Despite back-to-back seasons near the bottom of the NHL standings in 2016 and 2017, and the loss of core contributors like Bo Horvat and J.T. Miller, the club’s behaviour has never been consistent with what we’ve come to expect from losing franchises. But with Quinn Hughes gone, even Francesco Aquilini has been forced to accept reality and sign off on a rebuild  for the first time in his ownership tenure.
Or has he?
As detailed by Patrick Johnston of The Province, Jim Rutherford sounded startlingly similar to the rhetoric of the past when discussing the return in the Quinn Hughes trade in a conversation with reporters last Friday: “We do now need some success in this draft. If we were to do that, we’ll avoid a four- or five-year rebuild.”
While many fans will be relieved to hear the organization finally commit — even if only half-heartedly — to a more forward-looking approach, they should also be wary of any possible attempts to rapidly accelerate out of the rebuild they’ve been reluctantly forced into. After all, this is  far from the first time the subject of a rebuild has been broached within the organization, as Johnston outlines in his piece:
There was a time, well two times really, when the Vancouver Canucks’ top hockey man was so roundly rejected by ownership over the idea of going young, of eschewing the playoffs, to reset the roster for the long haul, that the top man was swiftly shown the door.

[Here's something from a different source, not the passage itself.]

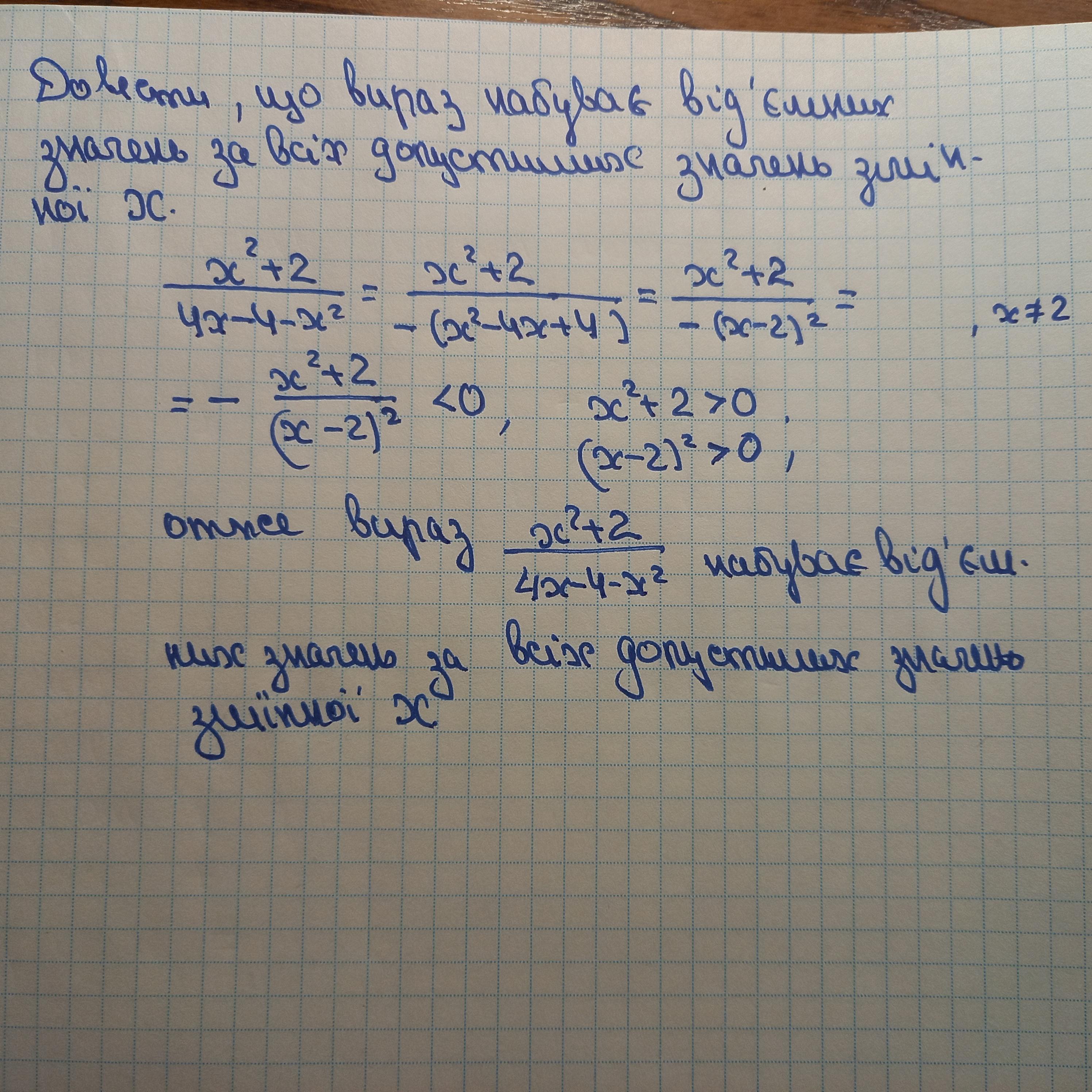 2. Доведіть, що вираз вiд'ємних значень. х² +2 /4x-4-x² за всiх допустимих значень змiнноï х набуває
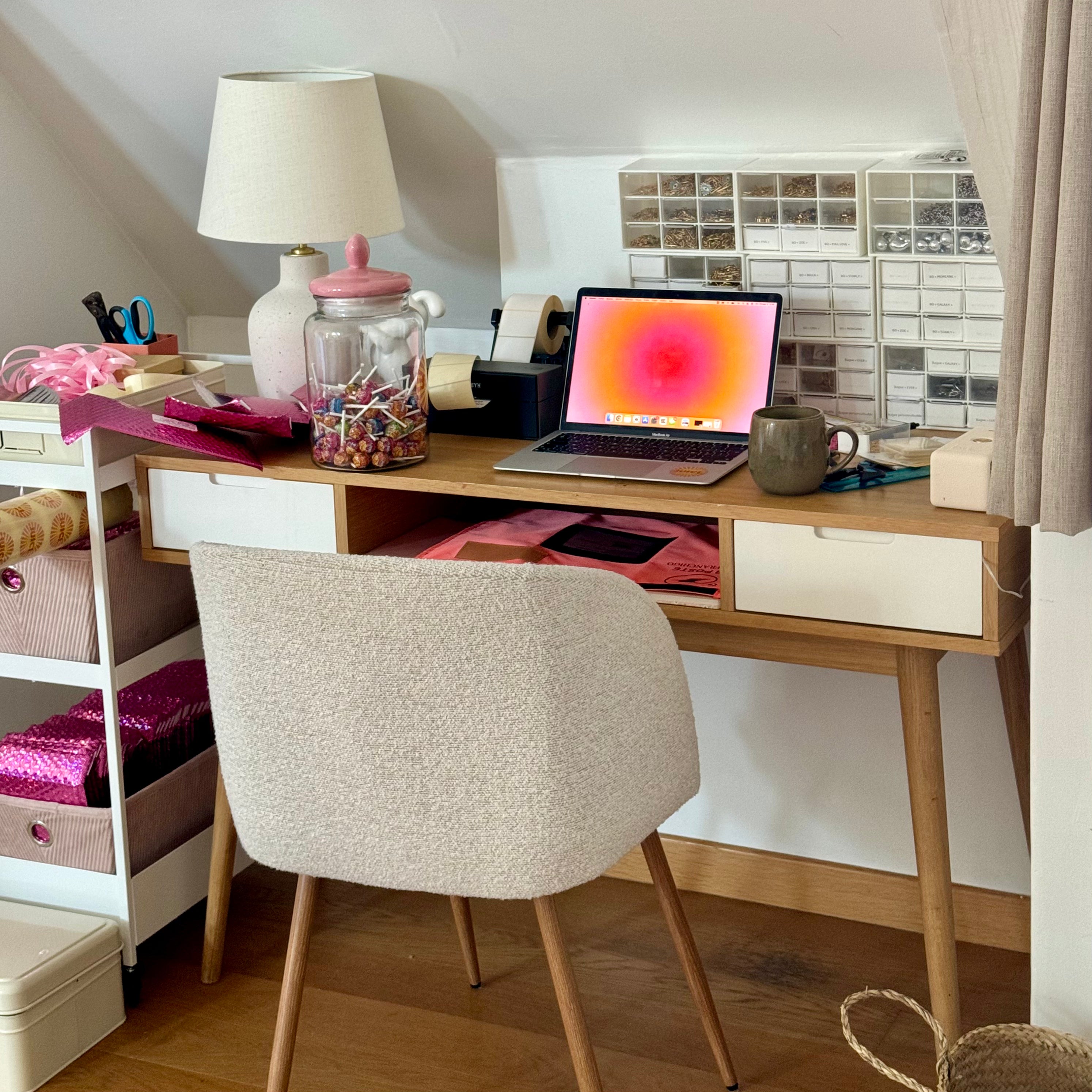"C'est depuis mon appartement que je crée et expédie chaque jour vos commandes avec amour. Autant vous dire que la table de ma salle à manger est souvent encombrée (oups)."

If you’ve read these pages long enough, you know what happened to both Mike Gillis and Trevor Linden. To recap, for those who don’t know: Gillis, in 2014, and Linden, in 2018, essentially told Canucks chairman Francesco Aquilini that what the team needed to do was give up on the idea of playoff games for a couple of seasons, focus fully on grabbing a boat-load of talented young players, and do everything you could to assemble an army of guys who would pay out in a year or two or three.
Back in November, I wrote about what the Canucks could learn from the last time they held an auction on so many of their veteran players. The series of events that led up to Hughes’ departure are similarly instructive, and indicative of the organization’s consistent refusal to accept reality and allow the NHL’s draft system to work as designed and reward the teams closest to the bottom of the standings.
To understand how the Canucks ended up squandering Quinn Hughes’ prime, we must return to when he first joined the organization in 2018. Henrik and Daniel Sedin had announced their retirement in April, and the club would never be more justified in embracing a more future-forward team-building strategy with their two aging superstars and pillars of the community out of the picture. Instead, just a few days after Hughes fell unexpectedly to the Canucks at 8th overall in the 2018 NHL Entry Draft, the Canucks stepped up to the plate and whiffed on a series of free agent signings. The club allocated nearly 10% of the cap to identical four-year, 12-million-dollar contracts to Jay Beagle and Antoine Roussel, and another 2-year, $3.8 million contract for Tim Schaller. The deals to Roussel and Beagle in particular were roundly criticized at the time by fans and various members of the local media for encroaching on what was assumed to be the Canucks’ future contention window. Here’s an entry from a piece published to CanucksArmy shortly after the deals were signed.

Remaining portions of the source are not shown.